The range runs from the line containing "Nhìn vào tay" to the last line of the entries. Copy that range exactly, omitting pictures.

Stored dataset items:
-=-=-

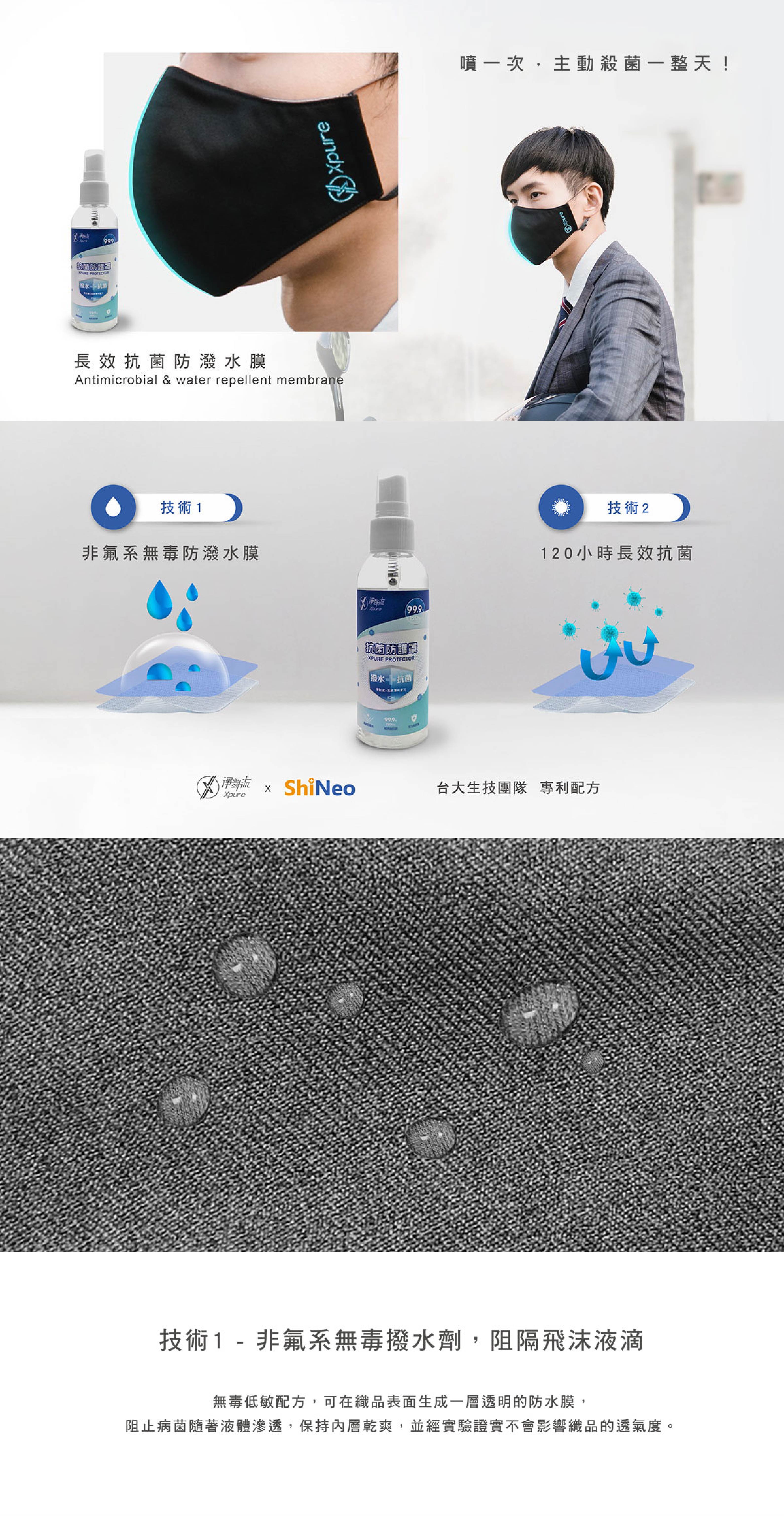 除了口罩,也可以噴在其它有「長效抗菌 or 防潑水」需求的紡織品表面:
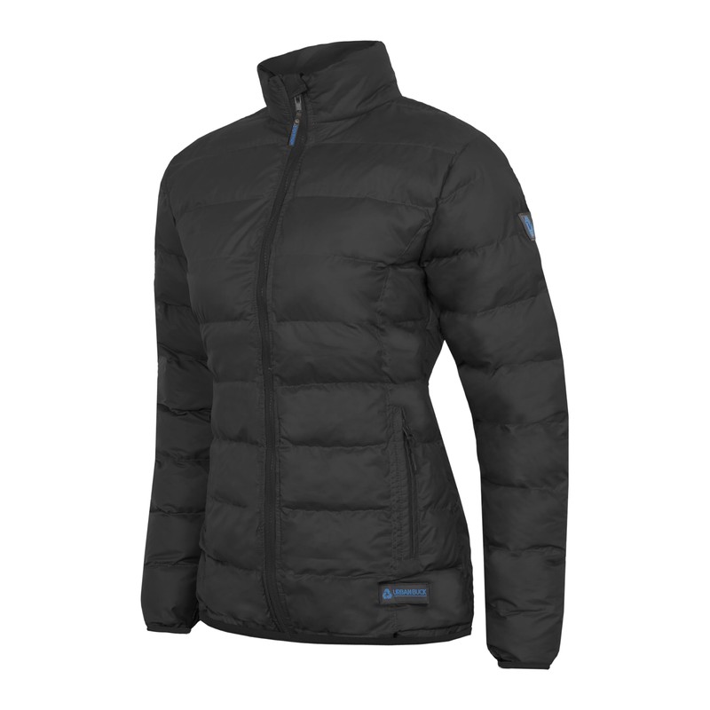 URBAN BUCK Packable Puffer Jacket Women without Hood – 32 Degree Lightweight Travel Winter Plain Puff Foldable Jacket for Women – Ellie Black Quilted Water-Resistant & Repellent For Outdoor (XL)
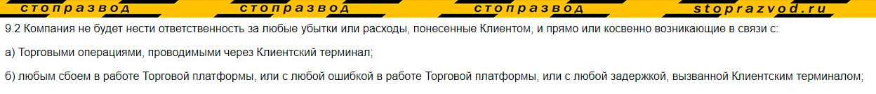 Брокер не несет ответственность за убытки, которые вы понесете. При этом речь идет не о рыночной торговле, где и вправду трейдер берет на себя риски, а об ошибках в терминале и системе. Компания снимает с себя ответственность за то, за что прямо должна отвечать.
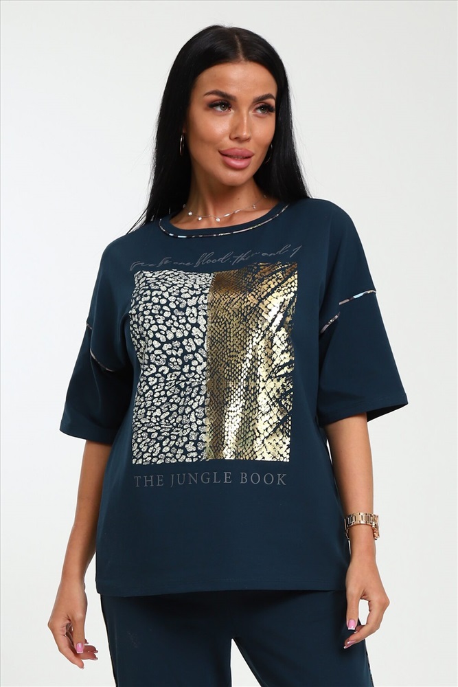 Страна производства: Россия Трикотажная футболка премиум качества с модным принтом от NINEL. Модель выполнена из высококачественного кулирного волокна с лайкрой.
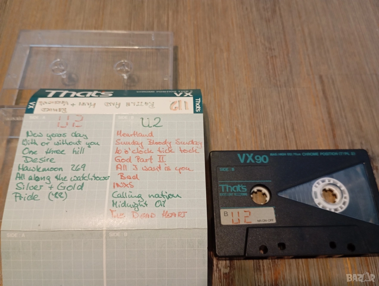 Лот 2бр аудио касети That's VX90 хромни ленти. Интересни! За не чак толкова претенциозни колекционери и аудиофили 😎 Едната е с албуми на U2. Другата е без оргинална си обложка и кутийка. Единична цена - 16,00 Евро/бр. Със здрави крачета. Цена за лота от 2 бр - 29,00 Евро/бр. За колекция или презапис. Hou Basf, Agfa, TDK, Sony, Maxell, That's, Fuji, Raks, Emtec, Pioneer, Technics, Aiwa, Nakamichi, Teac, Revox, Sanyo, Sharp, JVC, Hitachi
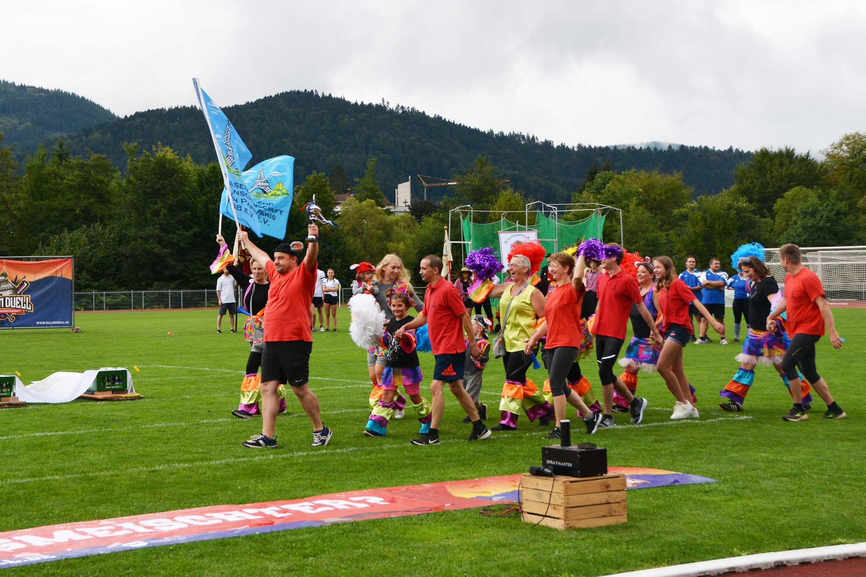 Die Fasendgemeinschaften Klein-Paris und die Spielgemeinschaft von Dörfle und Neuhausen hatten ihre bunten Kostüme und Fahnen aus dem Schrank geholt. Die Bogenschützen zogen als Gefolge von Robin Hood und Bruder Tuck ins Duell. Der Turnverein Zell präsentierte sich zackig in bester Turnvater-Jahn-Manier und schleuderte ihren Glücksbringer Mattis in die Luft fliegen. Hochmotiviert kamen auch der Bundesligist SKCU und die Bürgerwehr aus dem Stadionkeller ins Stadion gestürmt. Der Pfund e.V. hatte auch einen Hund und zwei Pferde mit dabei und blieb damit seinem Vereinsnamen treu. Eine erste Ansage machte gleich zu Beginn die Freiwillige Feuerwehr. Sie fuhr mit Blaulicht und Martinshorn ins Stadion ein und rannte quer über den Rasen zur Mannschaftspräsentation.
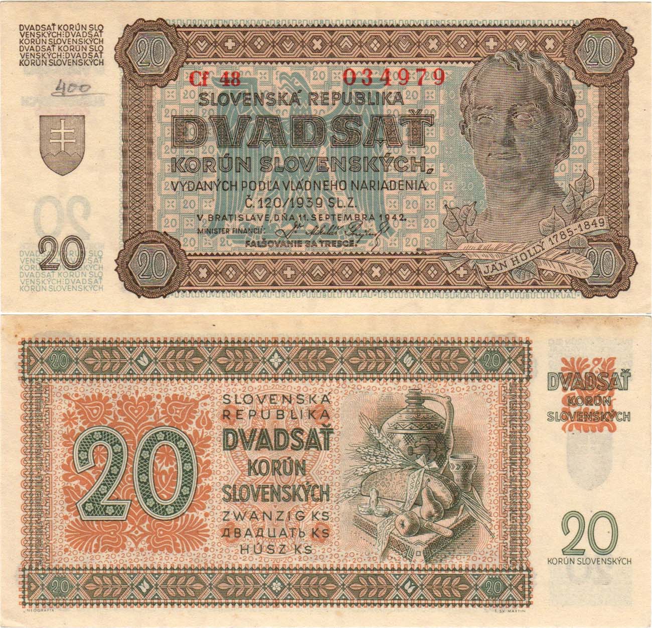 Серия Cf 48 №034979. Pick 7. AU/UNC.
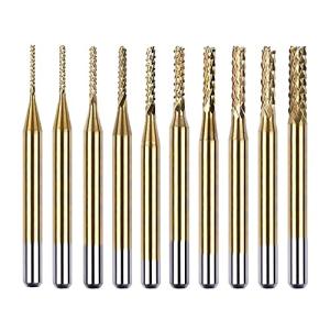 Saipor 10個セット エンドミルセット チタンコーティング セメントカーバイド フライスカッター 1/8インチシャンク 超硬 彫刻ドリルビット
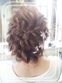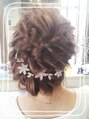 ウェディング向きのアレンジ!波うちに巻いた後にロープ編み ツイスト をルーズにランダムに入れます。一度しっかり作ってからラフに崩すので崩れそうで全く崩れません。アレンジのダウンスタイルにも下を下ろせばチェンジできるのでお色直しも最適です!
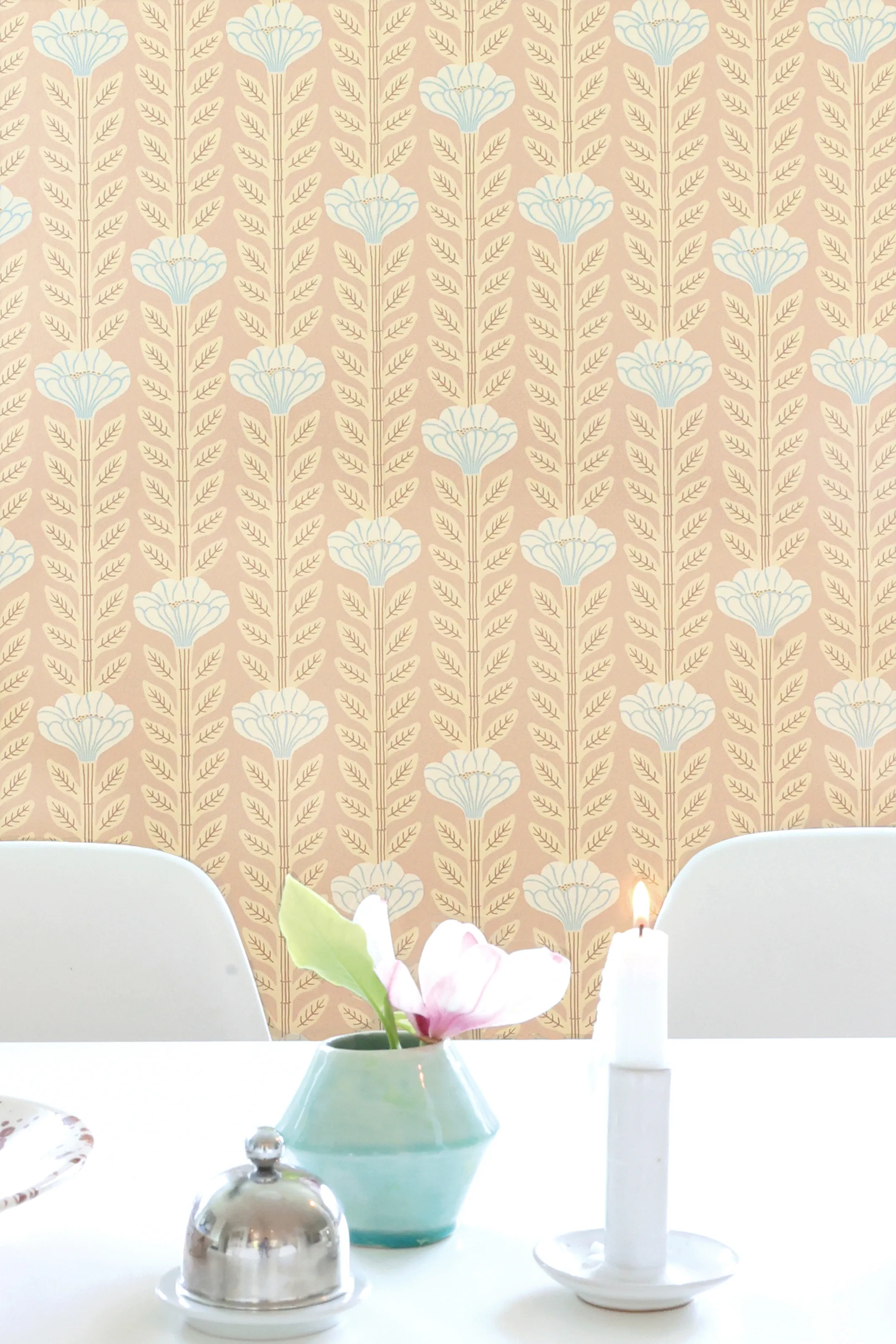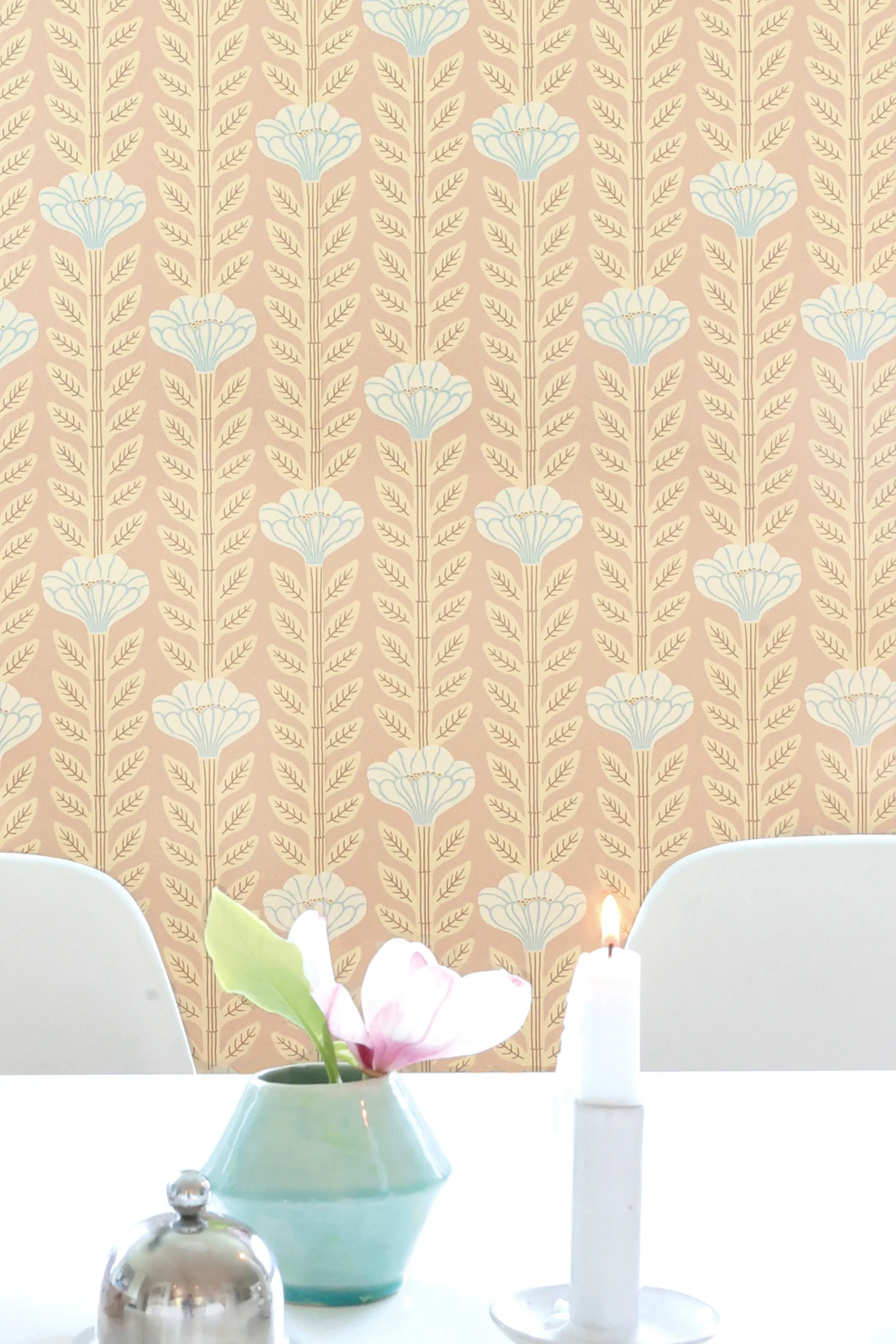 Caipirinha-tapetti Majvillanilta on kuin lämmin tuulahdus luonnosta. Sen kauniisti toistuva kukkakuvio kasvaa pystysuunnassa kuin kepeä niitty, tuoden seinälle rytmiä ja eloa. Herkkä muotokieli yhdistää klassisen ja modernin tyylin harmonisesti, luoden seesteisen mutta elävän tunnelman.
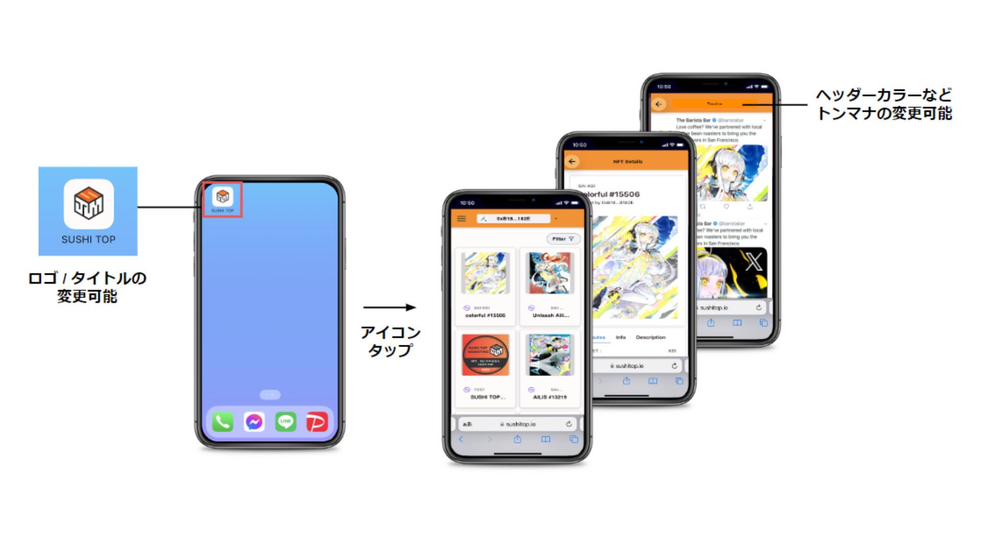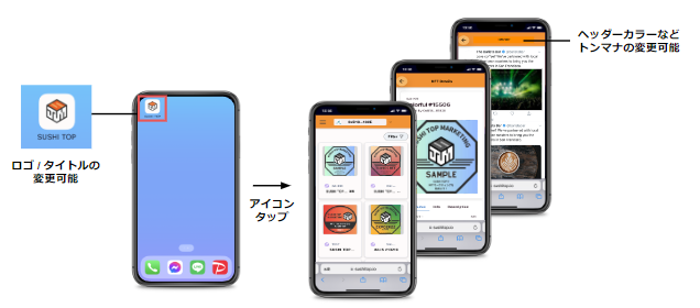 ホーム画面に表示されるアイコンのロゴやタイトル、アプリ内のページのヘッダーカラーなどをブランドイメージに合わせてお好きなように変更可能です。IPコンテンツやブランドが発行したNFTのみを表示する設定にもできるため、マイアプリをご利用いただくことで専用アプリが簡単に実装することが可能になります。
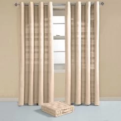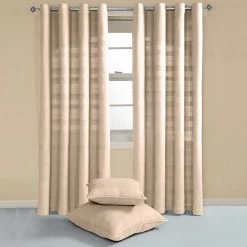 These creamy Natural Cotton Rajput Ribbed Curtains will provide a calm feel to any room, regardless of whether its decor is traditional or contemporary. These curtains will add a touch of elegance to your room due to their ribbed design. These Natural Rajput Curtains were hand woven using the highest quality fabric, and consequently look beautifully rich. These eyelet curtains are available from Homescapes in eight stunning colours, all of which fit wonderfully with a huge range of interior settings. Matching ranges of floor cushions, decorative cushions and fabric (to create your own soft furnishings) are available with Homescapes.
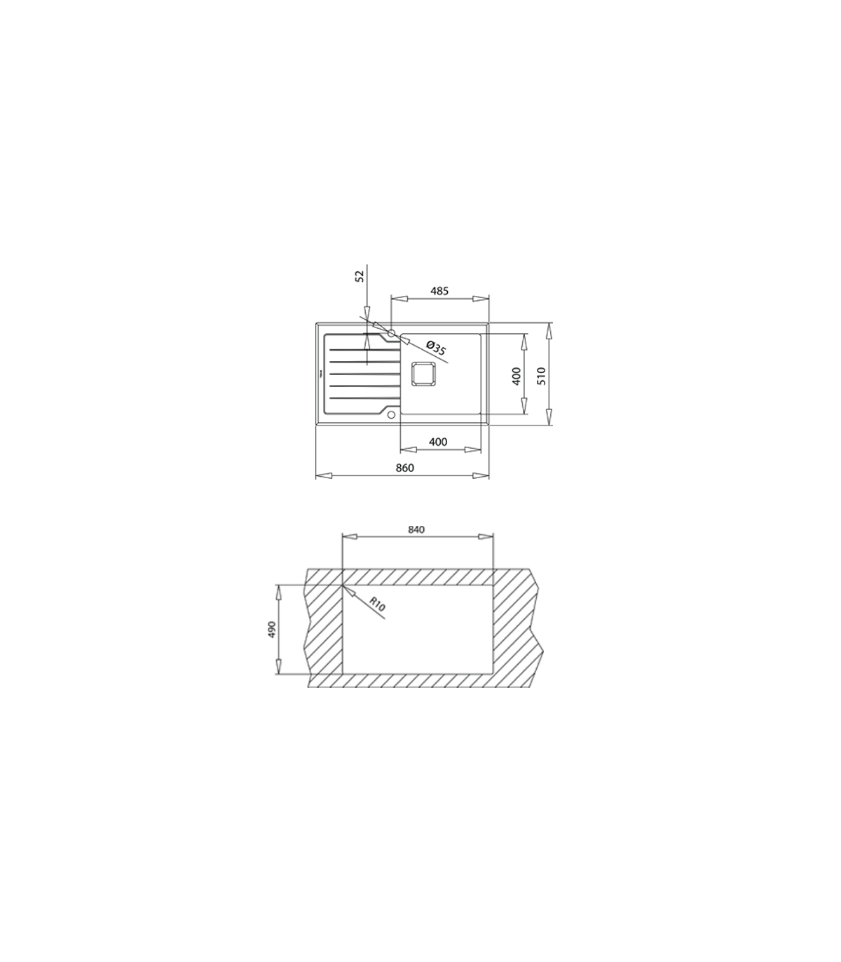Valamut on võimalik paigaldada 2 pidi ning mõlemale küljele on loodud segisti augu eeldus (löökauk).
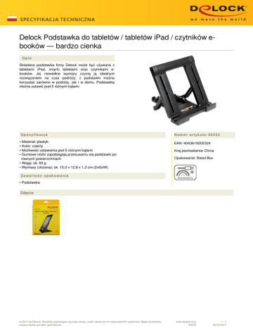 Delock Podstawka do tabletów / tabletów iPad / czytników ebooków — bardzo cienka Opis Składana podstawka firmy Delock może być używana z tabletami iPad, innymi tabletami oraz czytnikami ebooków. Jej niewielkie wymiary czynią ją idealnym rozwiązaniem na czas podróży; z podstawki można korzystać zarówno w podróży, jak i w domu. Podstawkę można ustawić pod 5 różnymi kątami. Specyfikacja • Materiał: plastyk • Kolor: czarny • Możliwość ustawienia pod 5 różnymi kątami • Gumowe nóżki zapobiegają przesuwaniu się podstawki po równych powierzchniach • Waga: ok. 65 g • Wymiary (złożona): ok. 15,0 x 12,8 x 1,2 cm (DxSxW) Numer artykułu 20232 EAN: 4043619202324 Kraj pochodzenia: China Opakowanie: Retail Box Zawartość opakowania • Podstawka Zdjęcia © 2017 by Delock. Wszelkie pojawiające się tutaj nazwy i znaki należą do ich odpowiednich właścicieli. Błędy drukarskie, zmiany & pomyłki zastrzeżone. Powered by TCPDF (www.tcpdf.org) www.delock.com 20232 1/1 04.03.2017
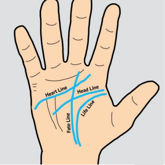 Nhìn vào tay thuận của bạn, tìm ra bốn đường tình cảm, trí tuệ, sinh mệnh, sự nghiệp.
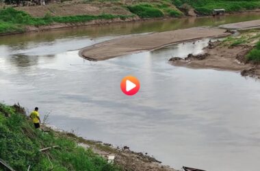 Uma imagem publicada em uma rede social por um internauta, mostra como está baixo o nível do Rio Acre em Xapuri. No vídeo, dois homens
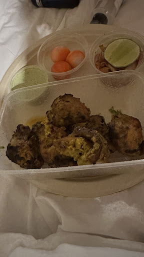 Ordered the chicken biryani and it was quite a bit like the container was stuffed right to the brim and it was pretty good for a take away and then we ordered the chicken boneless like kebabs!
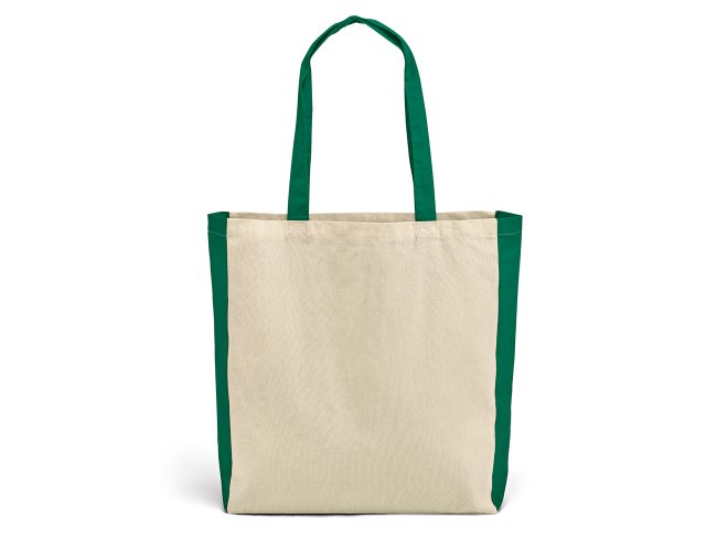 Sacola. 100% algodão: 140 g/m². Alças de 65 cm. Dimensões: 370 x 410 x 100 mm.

-=-=-

**EXERCISE ANSWER**
 Nhìn vào tay thuận của bạn, tìm ra bốn đường tình cảm, trí tuệ, sinh mệnh, sự nghiệp.
 Uma imagem publicada em uma rede social por um internauta, mostra como está baixo o nível do Rio Acre em Xapuri. No vídeo, dois homens
 Ordered the chicken biryani and it was quite a bit like the container was stuffed right to the brim and it was pretty good for a take away and then we ordered the chicken boneless like kebabs!
 Sacola. 100% algodão: 140 g/m². Alças de 65 cm. Dimensões: 370 x 410 x 100 mm.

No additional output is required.